Resultado: mais de um mês e meio de bloqueio, apesar de o acordo já estar fechado.
É uma fase invisível para o comprador não acompanhado. Mas é central para a segurança da transação.
Gestão do stress e do tempo
O CPCV é finalmente assinado no final de outubro. No papel, tudo avança. Na realidade, a pressão aumenta.
O Ismaël tem de organizar uma deslocação ao estrangeiro. O vendedor também tem as suas próprias restrições profissionais.
As datas de escritura mudam. Uma vez. Duas. Depois outra vez.
Cada adiamento gera dúvidas:
- O processo vai mesmo concluir-se?
- Está tudo sob controlo?
- O dinheiro envolvido está seguro?
É precisamente nesta fase que o acompanhamento mostra todo o seu valor. Não para acelerar artificialmente. Mas para manter o enquadramento, absorver as fricções e evitar que o stress se sobreponha à decisão.
A transação avança. Lentamente. Mas avança.
Escritura final: um caso « excecional »… na realidade muito comum
O dia da escritura chega finalmente. Com o seu conjunto de últimas tensões.
O Ismaël já entregou 5.000 € aquando do CPCV. Esses fundos têm de ser recuperados no momento da escritura.
Mas o vendedor não pode estar presente. Está prevista uma procuração.

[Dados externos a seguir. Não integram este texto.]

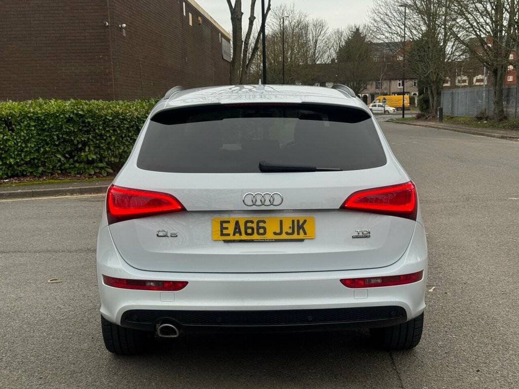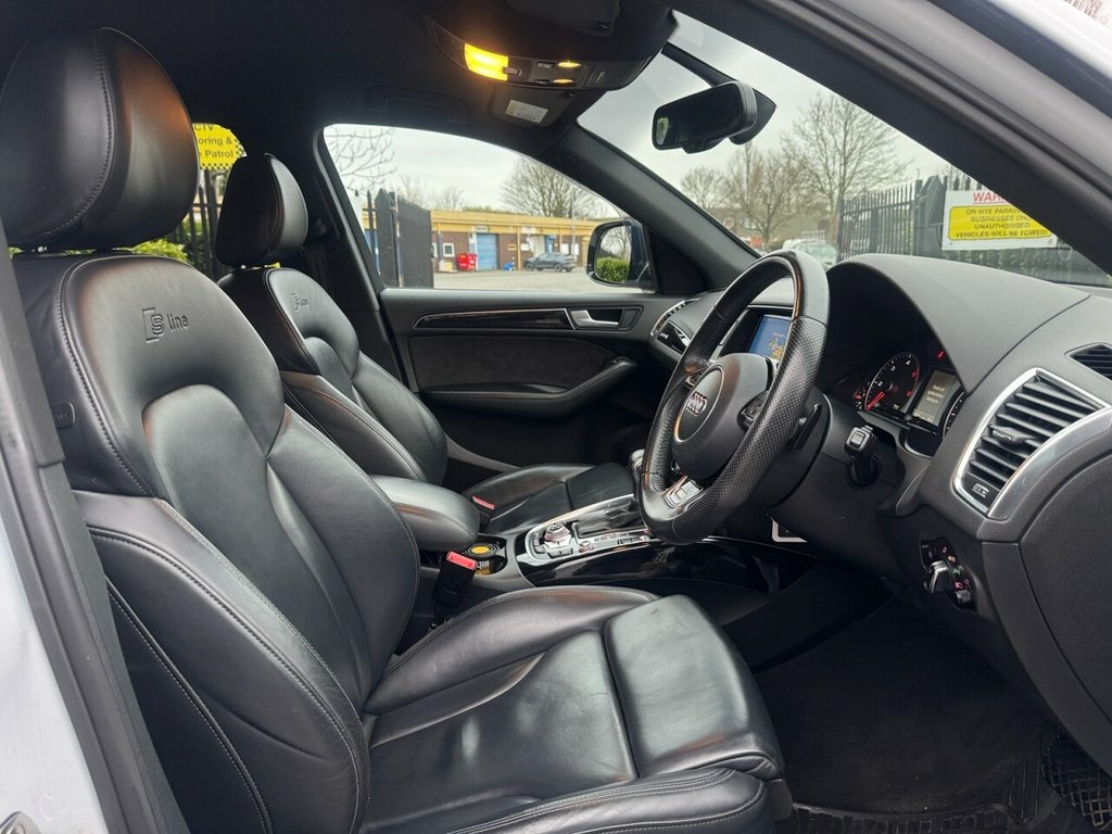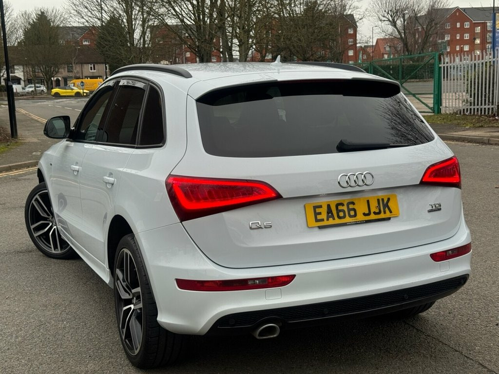 HERE WE HAVE A LOVELY AUDI Q5 BACKED WITH ITS SERVICE HISTORY INCLUDING A CAMBELT AND WATER PUMP CHANGE, VERY WELL MAINTAINED, DRIVES EXCELLENT, GOOD BODY WORK, TOP SPEC++BLACK GRILLE++UPGRADED ALLOYS++ELECTRIC TAILGATE++SAT NAV++FRONT AND REAR PARKING SENSORS++CRUISE CONTROL++AUTO LIGHTS++12 MONTHS AA BREAKDOWN COVER INCLUDED, WARRANTY INLCLUDED, FINANCE AVAILABLE APPLY WITHIN, 20in Alloy Wheels - 5-Segment-Spoke Desi, ABS - Anti-Lock Braking System, Airbags - Driver, Airbags - Front Passenger, Airbags - Front Side, Alarm - Thatcham Category 1, Aluminium Roof Rails, Aluminium Window Trims, AMI - Audi Music Interface, Audi Concert Radio, Audi Parking System Plus, Audi Sound System, Auto-Dimming Rear-View Mirror, Bluetooth Interface, Body Coloured Bumpers, Chrome Door Handles and Tailgate Strip, Chrome-trimmed - Flat-bottom Design Exha, Cloth Headlining in Black, Colour Drivers Information System - DIS, Cruise Control, DAB Digital Radio, Deluxe 3-Zone Climate Control, Diffuser - Platinum Grey, Door Mirrors - Electrically Adjustable a, Electric Windows - Front and Rea

Que não está pronta.
É preciso ajustar, novamente.
No notário, tudo se joga em tempo real:
- verificação dos documentos,
- segurança dos fluxos financeiros,
- recuperação efetiva dos montantes entregues,
- validação final apesar dos imprevistos.
Após várias semanas de bloqueios, adiamentos e incertezas, a escritura é finalmente realizada. O Ismaël torna-se proprietário.
Visto de fora, este processo pode parecer complicado. No terreno, é banal.
Casos como este existem aos dezenas. Todos os anos. Em Lisboa. Em Alcântara. Em Algés também.